───── MATERIAL FOR THE TASK ─────
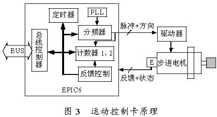 整个运动控制卡采用脉冲加方向的控制方式,实现电机的转速和方向的控制。为了保证电机的控制精度,在运动控制卡输出脉冲至电机的驱动器的同时,运动控制卡从编码器中读出反馈脉冲和方向。这样,只要设计两个计数器同时对输出脉冲和反馈脉冲进行计数,并且对两个计数器的计数值进行判断和求差,然后根据求出的差值进行循环插补,即可实现电机的闭环控制。
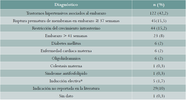 La mediana de edad de las mujeres incluidas fue 24 años (RIC 20-31), 158 (54,6 %) eran nulíparas, 156 (53,9 %) tenían entre 37 y 38 semanas de gestación, 108 (37,3 %) entre 39 y 40, 23 (7,95 %) tenían 41 semanas y 2 (0,69 %) tenían 42 o más. La Tabla 1 presenta las indicaciones de inducción de trabajo de parto; 29 (10 %) tuvieron indicaciones no reportadas en la literatura: embarazo de 40 semanas, polihidramnios, comorbilidades asociadas como VIH, epilepsia, infección urinaria recurrente, trombocitopenia gestacional, masa ovárica, anemia de células falciformes y malformaciones fetales como megacisterna magna y tetralogía de Fallot. Un total de 149 (52 %) tuvo parto vaginal espontáneo, 2 (0,7 %) tuvieron parto instrumentado y 138 (48 %) parto por cesárea. Por otra parte, 96 de las 158 nulíparas (60,8 %), grupo 2a de Robson, y 42 de las 131 multí- paras (32,1 %), grupo 4a, tuvieron parto por cesárea.
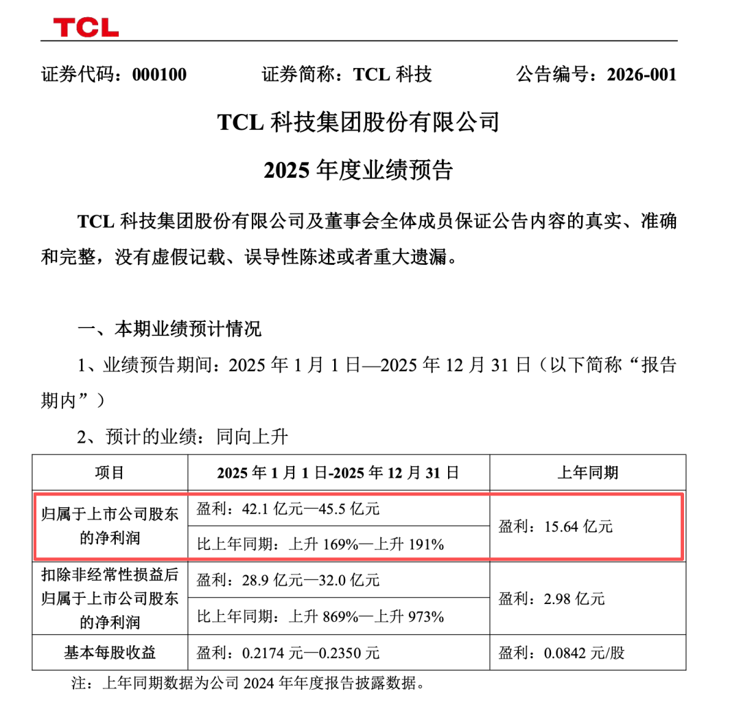 1月13日晚间,TCL科技(000100.SZ)披露2025年度业绩预告,预计2025年归属于上市公司股东的净利润42.1-45.5亿元,同比上升169%-191%;扣除非经常性损益后归属于上市公司股东的净利润28.9-32.0亿元,同比上升869%-973%,盈利能力持续强化。
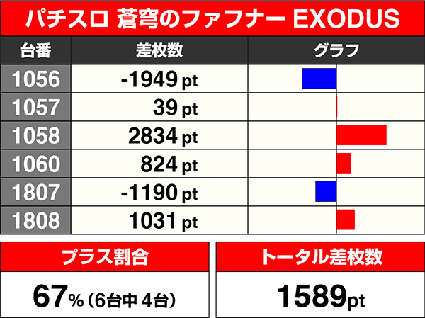 『GI優駿倶楽部』と『パチスロ 蒼穹のファフナーEXODUS』はともにプラス台数割合50%超。
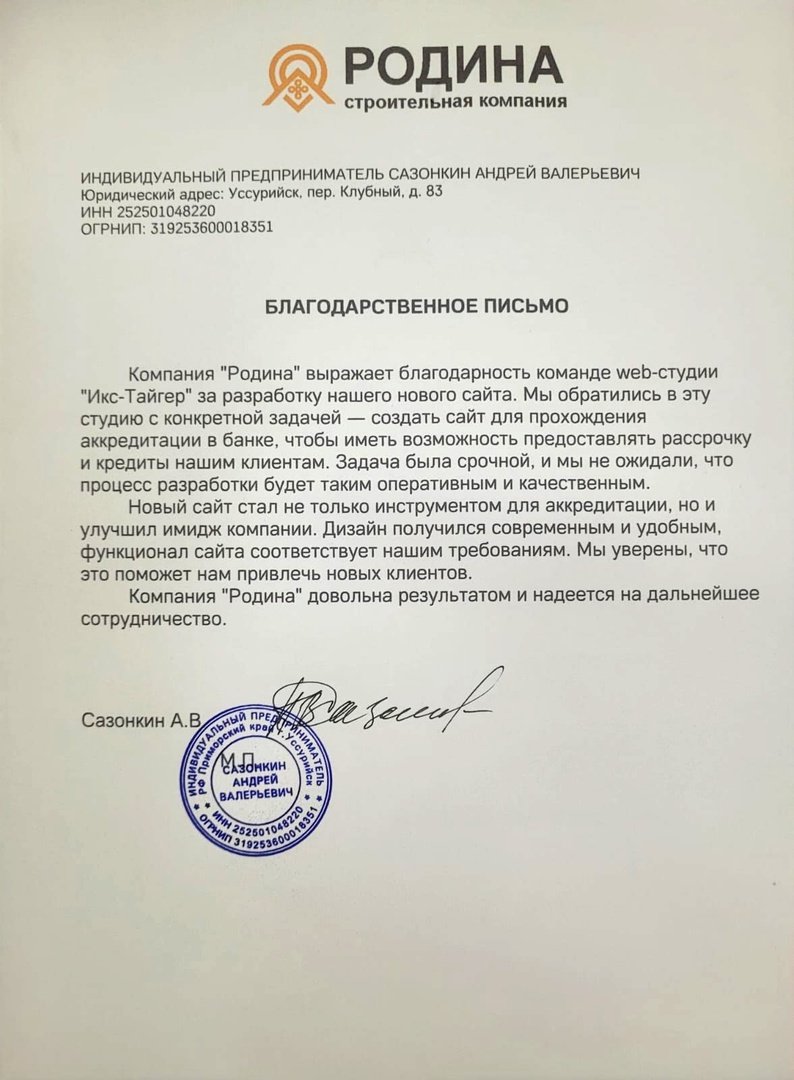 Создание лендинга для компании “Родина” стало успешным шагом к решению множества задач. Мы не только помогли компании пройти аккредитацию в банке, но и значительно улучшили её онлайн-имидж.
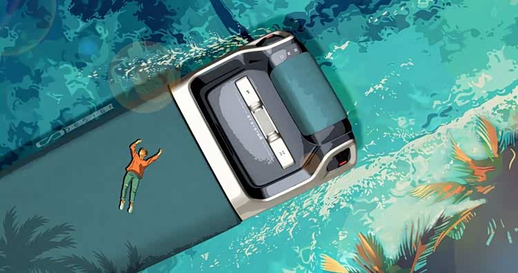 最后一张图更有创意了,看似车主躺在大海上航行的一艘小船之中,仔细一看,其实展现的是车内中岛+扶手箱区域。可以看到左上角从前到后的“R、N、D”字母,代表车辆换挡键的位置。P档在中央左侧,非常醒目,而右侧是一辆硬派越野车的差速锁按键。整个设计将科技与硬核完美兼顾。
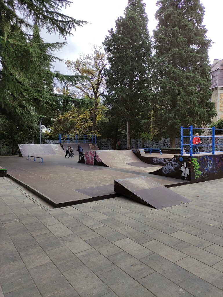 Ставлю за местоположение твердую пятерку! В тени хвои, уютный сквер, приятнейший воздух! Место создано для катания! Но! В углу парка сидят какие-то синяки, жрут водку уже с самого утра. Площадка засыпана иголками, но это не беда. Беда - это лужи, которые не сохнут, это обшарпанное покрытие фигур, сквозные дыры в некоторых местах. Ну короче, сама площадка в аварийном состоянии, о чем говорит табличка на рампе. Но кататься можно, если осторожно ;-). Сами фигуры, конечно, мелкие и резкие, видно, что для детей делали. Для начинающих самое оно. Говорят, что будут сносить, и строить чтото другое ... Очень надеюсь, что возведут бетонный парк! От бетонного намного меньше грохота и больше безопасности. Надеюсь, власти города посоветуются с про-райдерами и построят лучше чем в Симеизе! Место 100500% заслуживает полноценного современного бетонного скейт-парка!
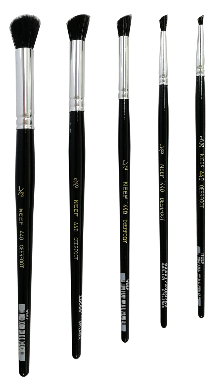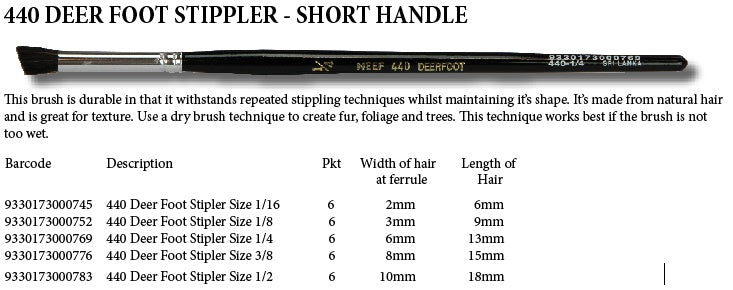 This brush is durable in that it withstands repeated stippling techniques whilst maintaining it’s shape. It’s made from natural hair and is great for texture. Use a dry brush technique to create fur, foliage and trees. This technique works best if the brush is not too wet.
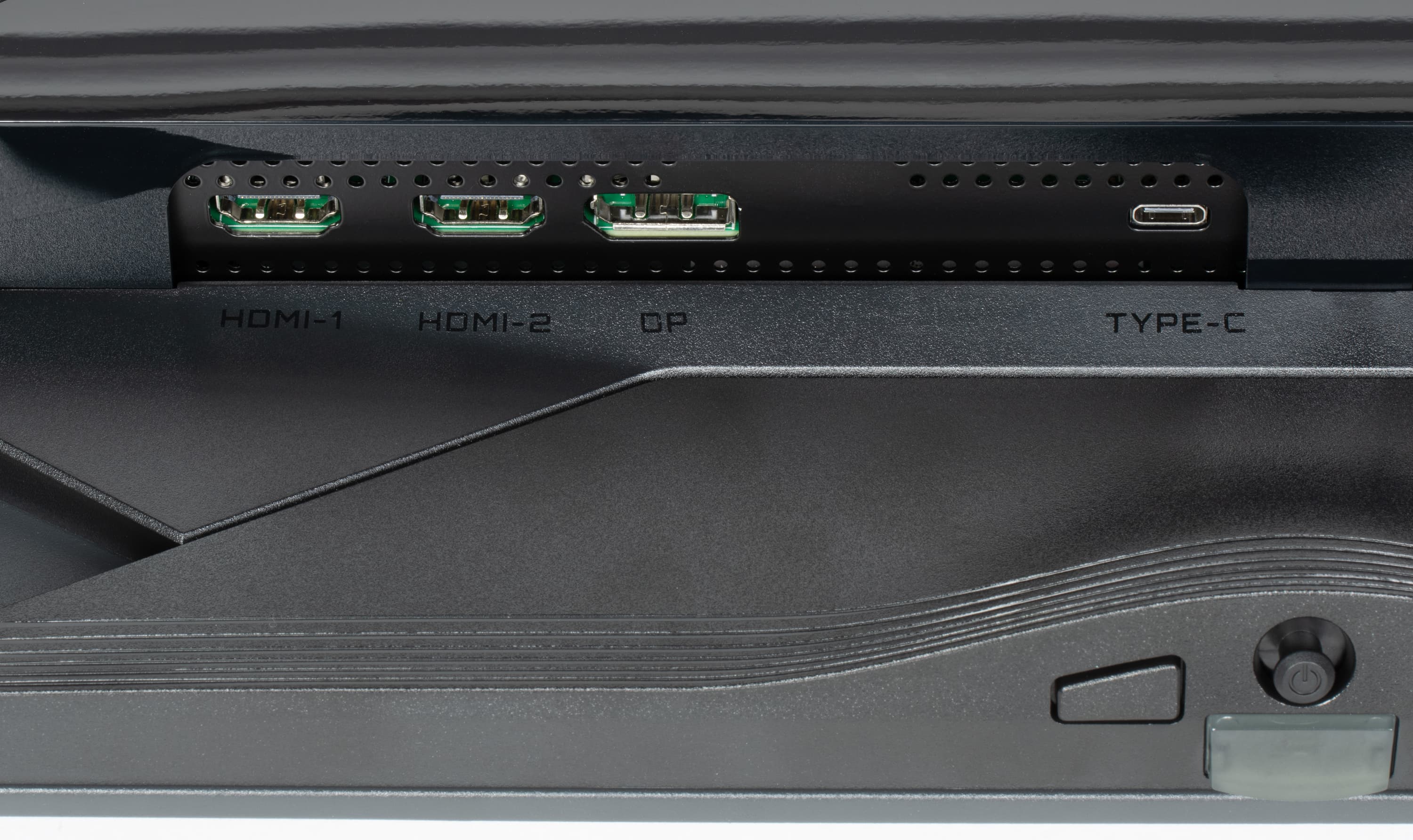 Монитор оснащен тремя цифровыми входами в полноразмерном варианте — DisplayPort и парой HDMI, — дополненные входом USB-C. Выбор входа осуществляется в основном меню установок или в меню быстрого доступа (если оно настроено на одно из отклонений джойстика). Есть отключаемая функция автоматического поиска сигнала на входах.
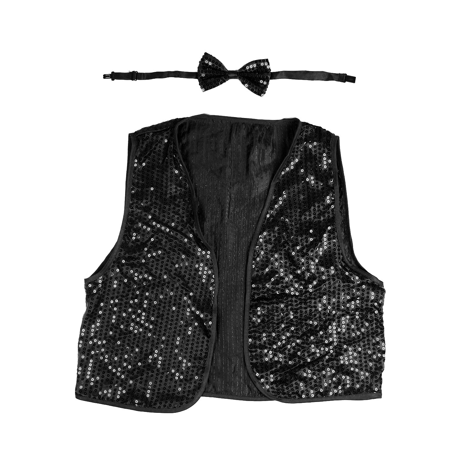 Adult Unisex SEQUIN BOW TIE & VEST Dance Costume Party Sparkle Set in Black
─────
● **WORK TO BE COMPLETED**:
Could you write out the whole listing exactly, skipping every picture?

● **RESPONSE AREA**:
 整个运动控制卡采用脉冲加方向的控制方式,实现电机的转速和方向的控制。为了保证电机的控制精度,在运动控制卡输出脉冲至电机的驱动器的同时,运动控制卡从编码器中读出反馈脉冲和方向。这样,只要设计两个计数器同时对输出脉冲和反馈脉冲进行计数,并且对两个计数器的计数值进行判断和求差,然后根据求出的差值进行循环插补,即可实现电机的闭环控制。
 La mediana de edad de las mujeres incluidas fue 24 años (RIC 20-31), 158 (54,6 %) eran nulíparas, 156 (53,9 %) tenían entre 37 y 38 semanas de gestación, 108 (37,3 %) entre 39 y 40, 23 (7,95 %) tenían 41 semanas y 2 (0,69 %) tenían 42 o más. La Tabla 1 presenta las indicaciones de inducción de trabajo de parto; 29 (10 %) tuvieron indicaciones no reportadas en la literatura: embarazo de 40 semanas, polihidramnios, comorbilidades asociadas como VIH, epilepsia, infección urinaria recurrente, trombocitopenia gestacional, masa ovárica, anemia de células falciformes y malformaciones fetales como megacisterna magna y tetralogía de Fallot. Un total de 149 (52 %) tuvo parto vaginal espontáneo, 2 (0,7 %) tuvieron parto instrumentado y 138 (48 %) parto por cesárea. Por otra parte, 96 de las 158 nulíparas (60,8 %), grupo 2a de Robson, y 42 de las 131 multí- paras (32,1 %), grupo 4a, tuvieron parto por cesárea.
 1月13日晚间,TCL科技(000100.SZ)披露2025年度业绩预告,预计2025年归属于上市公司股东的净利润42.1-45.5亿元,同比上升169%-191%;扣除非经常性损益后归属于上市公司股东的净利润28.9-32.0亿元,同比上升869%-973%,盈利能力持续强化。
 『GI優駿倶楽部』と『パチスロ 蒼穹のファフナーEXODUS』はともにプラス台数割合50%超。
 Создание лендинга для компании “Родина” стало успешным шагом к решению множества задач. Мы не только помогли компании пройти аккредитацию в банке, но и значительно улучшили её онлайн-имидж.
 最后一张图更有创意了,看似车主躺在大海上航行的一艘小船之中,仔细一看,其实展现的是车内中岛+扶手箱区域。可以看到左上角从前到后的“R、N、D”字母,代表车辆换挡键的位置。P档在中央左侧,非常醒目,而右侧是一辆硬派越野车的差速锁按键。整个设计将科技与硬核完美兼顾。
 Ставлю за местоположение твердую пятерку! В тени хвои, уютный сквер, приятнейший воздух! Место создано для катания! Но! В углу парка сидят какие-то синяки, жрут водку уже с самого утра. Площадка засыпана иголками, но это не беда. Беда - это лужи, которые не сохнут, это обшарпанное покрытие фигур, сквозные дыры в некоторых местах. Ну короче, сама площадка в аварийном состоянии, о чем говорит табличка на рампе. Но кататься можно, если осторожно ;-). Сами фигуры, конечно, мелкие и резкие, видно, что для детей делали. Для начинающих самое оно. Говорят, что будут сносить, и строить чтото другое ... Очень надеюсь, что возведут бетонный парк! От бетонного намного меньше грохота и больше безопасности. Надеюсь, власти города посоветуются с про-райдерами и построят лучше чем в Симеизе! Место 100500% заслуживает полноценного современного бетонного скейт-парка!
 This brush is durable in that it withstands repeated stippling techniques whilst maintaining it’s shape. It’s made from natural hair and is great for texture. Use a dry brush technique to create fur, foliage and trees. This technique works best if the brush is not too wet.
 Монитор оснащен тремя цифровыми входами в полноразмерном варианте — DisplayPort и парой HDMI, — дополненные входом USB-C. Выбор входа осуществляется в основном меню установок или в меню быстрого доступа (если оно настроено на одно из отклонений джойстика). Есть отключаемая функция автоматического поиска сигнала на входах.
 Adult Unisex SEQUIN BOW TIE & VEST Dance Costume Party Sparkle Set in Black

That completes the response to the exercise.